Dataset items

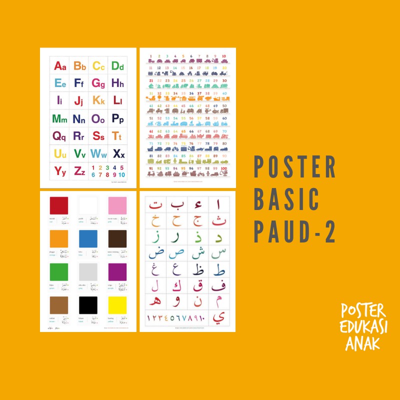 Paket Poster Basic Paud 2 Belajar Alfabet Angka Warna Dan Hijaiyah Untuk Anak Paud Tk Shopee Indonesia
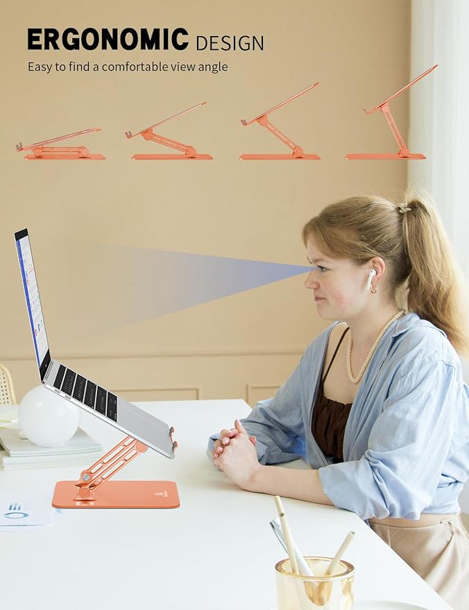 - ERGONOMIC COMFORT: Adjustable from 0° to 90°, this laptop stand for desk promotes proper posture, alleviating neck, back, and wrist strain while reducing eye fatigue for a healthier, more comfortable experience
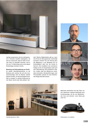 An beiden Geschäftsstandorten ist die Beratung sehr wichtig. Wo soll eine Laut- sprecheranlage oder ein Beamer optimal platziert werden, um die bestmögliche Qua- lität zu erzielen? In welcher Entfernung zu den Boxen könnte das Sofa platziert wer-
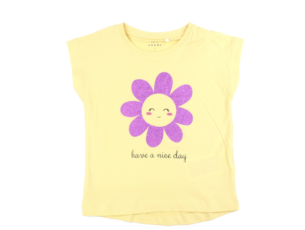 Top/t-shirt i farven impala med blomster glimmerprint fra Name It.
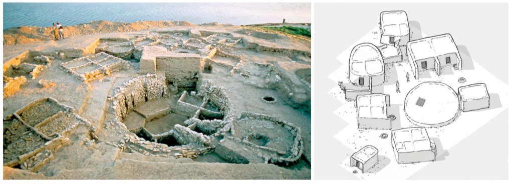 C’est aussi sur ces rives de l’Euphrate, au nord de la Syrie, qu’au cours de fouilles préventives réalisées avant la construction d’un barrage a été découvert un site archéologique majeur maintenant englouti sous des mètres d’eau comme d’autres sites célèbres. Ce site de Jerf el Ahmar (-9500/-8700 av. JC; carte#1) est important car il correspond, comme d’autres, à la période de transition entre regroupement de quelques maisons et organisation de villages conséquents qui marque cette période charnière du Néolithique. Les fouilles ont permis de mieux comprendre l’évolution des techniques utilisées pour bâtir ces maisons et de se rendre compte à quel point celles des villages actuels voisins ressemblent aux plus récentes du site Néolithique.
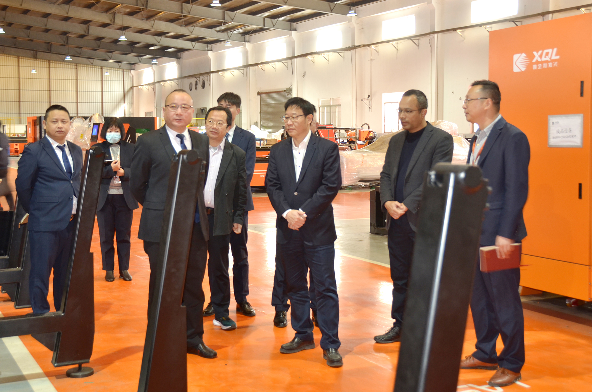 在鑫全利董事長王董等人的陪同下,劉涇波副市長一行參觀了鑫全利產品展區、生產車間,實地考察了激光設備制造流程與工藝,在平板切割、板管切割、機器人焊接、自動上下料等設備的現場演示,引起了各級領導的濃厚興趣和高度贊揚。領導們現場向王董了解激光切割、焊接技術的功能應用及市場前景,對鑫全利激光始終堅持自主創新的研發道路給予了高度肯定,對鑫全利激光工廠整潔的廠區環境和合理的區域布局表示贊許。

• [DESCRIPTION OF THE TASK]: Reproduce the data above exactly, but only the lines from the one showing "- ERGONOMIC COMFORT: Adjustable" through the one showing "Top/t-shirt i farven", with both ends kept and the pictures left out.

• [WRITTEN SOLUTION]:
 - ERGONOMIC COMFORT: Adjustable from 0° to 90°, this laptop stand for desk promotes proper posture, alleviating neck, back, and wrist strain while reducing eye fatigue for a healthier, more comfortable experience
 An beiden Geschäftsstandorten ist die Beratung sehr wichtig. Wo soll eine Laut- sprecheranlage oder ein Beamer optimal platziert werden, um die bestmögliche Qua- lität zu erzielen? In welcher Entfernung zu den Boxen könnte das Sofa platziert wer-
 Top/t-shirt i farven impala med blomster glimmerprint fra Name It.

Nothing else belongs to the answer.